I'm struggling to figure out this question. Part a) and b) I can do fine, but part c) has me stumped.
Question: a) Find the ninth roots of unity
b) Hence show that: $$z^6+z^3+1=(z^2-2\cos\frac{2\pi}9+1)(z^2-2\cos\frac{4\pi}9+1)(z^2-2\cos\frac{8\pi}9+1)$$ c)Deduce that: $$2\cos(3\theta)+1=8\left(\cos\theta-\cos\frac{2\pi}9\right)\left(\cos\theta-\cos\frac{4\pi}9\right)\left(\cos\theta-\cos\frac{8\pi}9\right)$$
Divide both sides by $z^3$
$$z^3+\dfrac1{z^3}+1=\prod_{r=1}^3\left(z+\dfrac1z-2\cos\dfrac{2^r\pi}9\right)$$
Now set $z=e^{i\theta}$
Use Intuition behind euler's formula to find
$z^m+\dfrac1{z^m}=2\cos m\theta$ for integer $m$
Well then $9$ ninth roots of unity are $r_k = \cos \frac {2k\pi}9 + i \sin\frac {2k\pi}9$ for $k = 0..... 9$.
Now $(z^6 + z^3 + 1)(z^3 - 1) = z^9 -1 = (z-r_0)(z-r_1)(z-r_2)....(z-r_8)$.
And $(z^6 + z^3 + 1) = \frac {(z-r_0)(z-r_1)(z-r_2)....(z-r_8)}{z^3 -1}$.
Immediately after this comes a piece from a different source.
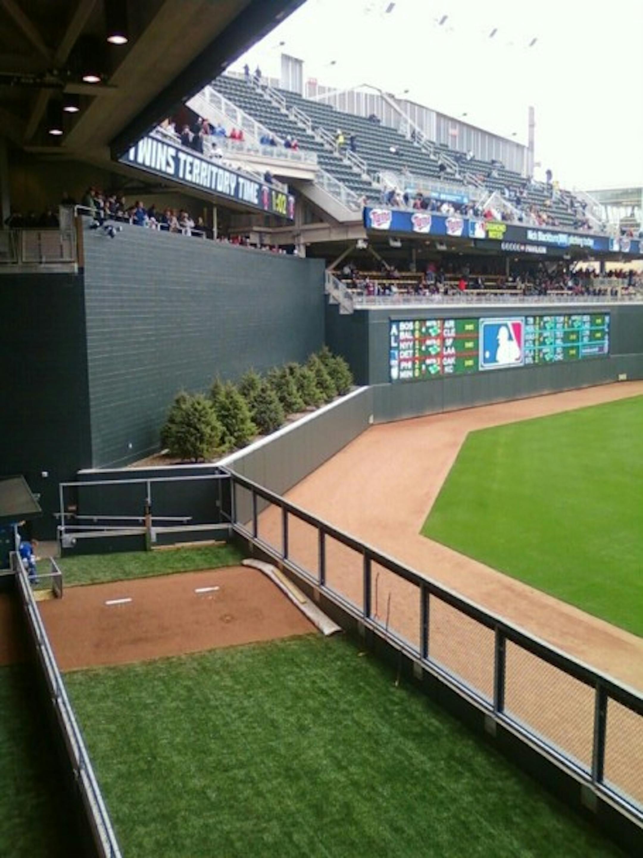 The field itself is breathtaking, and astroturf is becoming a distant memory. The black spruce out in the center field wall gives a true taste of Minnesota, which you can admire while you mow down the many delicious foods and beverages Target Field has to offer... not that I would know yet. All I had to eat was beer. I heard the food was awesome though!

Now notice the $3$ third roots of unity are $s_j = \cos \frac {2j\pi}3 + i\sin \frac {2j\pi}3= \cos \frac {2*3j\pi}9 + i\sin \frac {2*3j\pi}9 = r_{3j}$.
So the three third roots of unity or $r_0, r_3, $ and $r_6$ and $z^3-1 = (z-r_0)(z-r_3)(z-r_6)$.
So $(z^6 + z^3 + 1) = \frac {(z-r_0)(z-r_1)(z-r_2)....(z-r_8)}{z^3 -1}=$
$\frac {(z-r_0)(z-r_1)(z-r_2)....(z-r_8)}{(z-r_0)(z-r_3)(z-r_6)} = $
$(z-r_1)(z-r_2)(z-r_4)(z-r_5)(z-r_7)(z-r_8)=$
$[(z-r_1)(z-r_8)][(z-r_2)(z-r_7)][(z-r_4)(z-r_5)]$.
Now notice that $[(z-r_k)(z-r_{9-k})] =$
$(z - (\cos \frac {2k\pi}9 + i\sin\frac {2k\pi}9))(z - (\cos \frac {2(9-k)\pi}9 + i\sin\frac {2(9-k)\pi}))=$.
(remember your basic trig $\cos|\sin (2\pi + x) = \cos|\sin x$ and $\cos(-x)= \cos x$ and $\sin (-x) = -\sin x$. So....)
$\cos \frac{2(9-k)\pi}9 = \cos \frac {18\pi -2k\pi}=\cos\frac {-2k\pi}9 = \cos \frac {2k\pi}9$
And $\sin\frac{2(9-k)\pi}9 = \sin \frac {18\pi -2k\pi}=\sin\frac {-2k\pi}9 = -\sin \frac {2k\pi}9$
So
$[(z-r_k)(z-r_{9-k})] =$
$(z - (\cos \frac {2k\pi}9 + i\sin\frac {2k\pi}9))(z - (\cos \frac {2(9-k)\pi}9 + i\sin\frac {2(9-k)\pi}))=$
$(z - [\cos \frac {2k\pi}9 + i\sin\frac {2k\pi}9])((z - [\cos \frac {2k\pi}9 - i\sin\frac {2k\pi}9])=$
$z^2 -z([\cos \frac {2k\pi}9 + i\sin\frac {2k\pi}9]+ [\cos \frac {2k\pi}9 - i\sin\frac {2k\pi}9]) + [\cos \frac {2k\pi}9 + i\sin\frac {2k\pi}9][\cos \frac {2k\pi}9 - i\sin\frac {2k\pi}9]=$
$z^2- 2\cos\frac {2k\pi}9 + (\cos^2 \frac {2k\pi}9 + \sin^2\frac {2k\pi}9)=$
$z^2 - 2\cos\frac {2k\pi}9 + 1$.
And that's it....
$z^6 +z^3 + 1 = [(z-r_1)(z-r_8)][(z-r_2)(z-r_7)][(z-r_4)(z-r_5)]=$
$(z^2 -2\cos\frac {2\pi}9 + 1)(z^2- 2\cos \frac {4\pi}9+1) (z^2 - 2\cos\frac {6\pi}9+1)$.